▶ _Prompt_
Retype only the lines below from the one with "American Country Solid" to the one with "Portrait of a", inclusive, skipping every image.
** Available data follows **
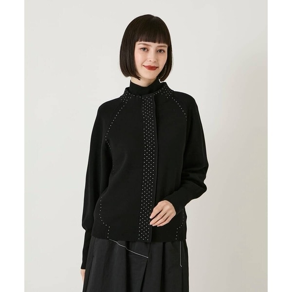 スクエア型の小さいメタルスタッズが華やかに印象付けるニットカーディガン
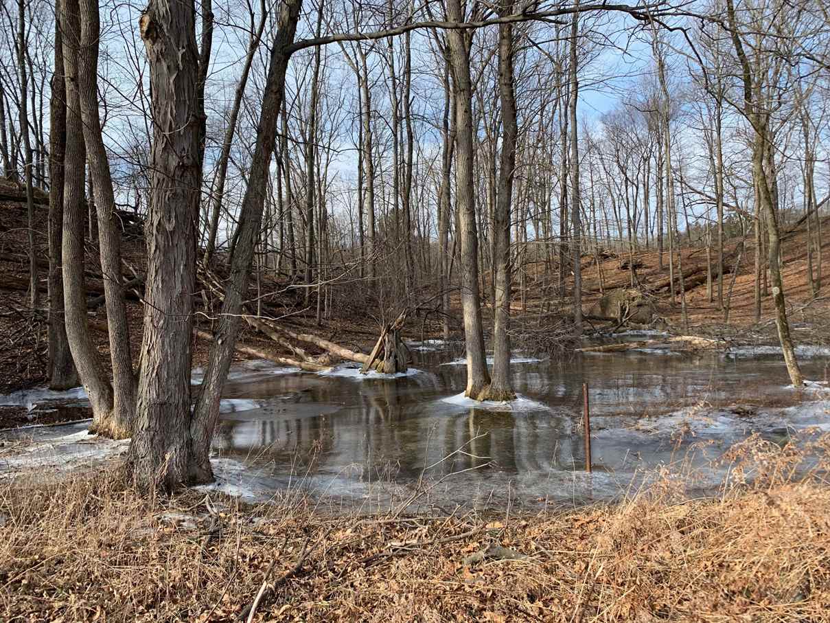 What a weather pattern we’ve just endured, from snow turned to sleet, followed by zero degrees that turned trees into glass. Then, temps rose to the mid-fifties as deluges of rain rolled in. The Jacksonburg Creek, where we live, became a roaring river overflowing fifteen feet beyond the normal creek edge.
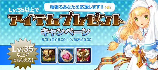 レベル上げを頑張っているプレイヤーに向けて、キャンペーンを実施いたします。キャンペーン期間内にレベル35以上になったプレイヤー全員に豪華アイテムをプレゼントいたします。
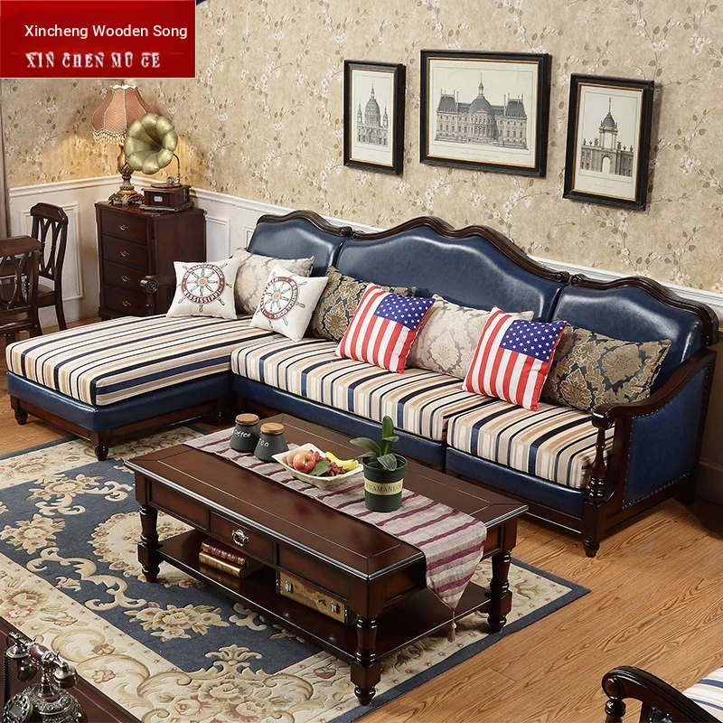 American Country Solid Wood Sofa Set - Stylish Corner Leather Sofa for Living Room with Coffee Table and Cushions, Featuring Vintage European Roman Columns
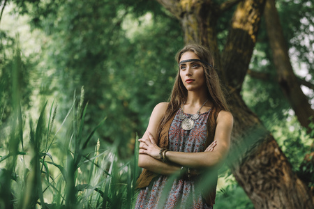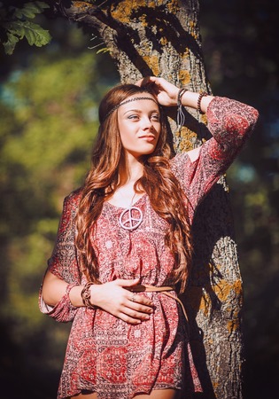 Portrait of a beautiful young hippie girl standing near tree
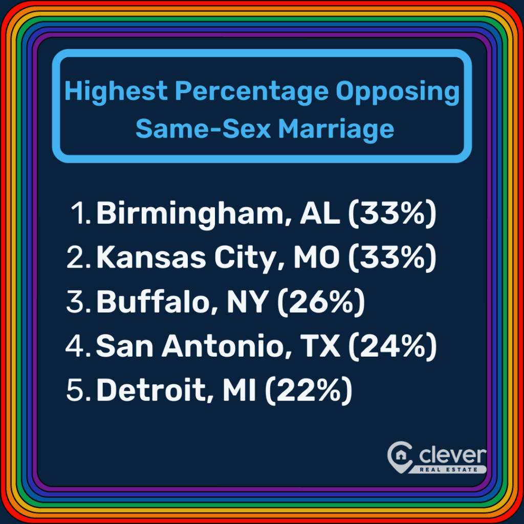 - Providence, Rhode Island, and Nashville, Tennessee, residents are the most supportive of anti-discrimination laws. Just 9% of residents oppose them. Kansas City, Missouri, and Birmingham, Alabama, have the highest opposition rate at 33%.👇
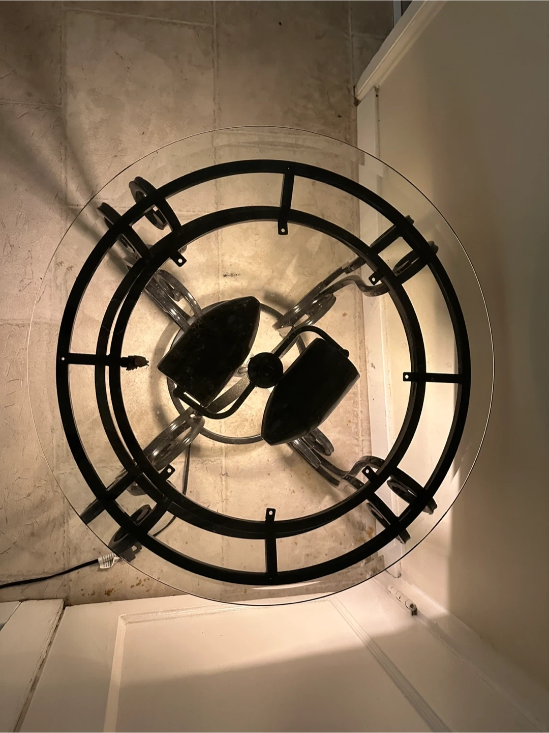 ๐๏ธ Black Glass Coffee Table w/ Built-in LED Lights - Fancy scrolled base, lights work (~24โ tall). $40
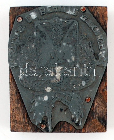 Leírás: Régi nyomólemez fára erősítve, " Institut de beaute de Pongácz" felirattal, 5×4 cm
** End of Available data **
▶ _Your response_
 American Country Solid Wood Sofa Set - Stylish Corner Leather Sofa for Living Room with Coffee Table and Cushions, Featuring Vintage European Roman Columns
 Portrait of a beautiful young hippie girl standing near tree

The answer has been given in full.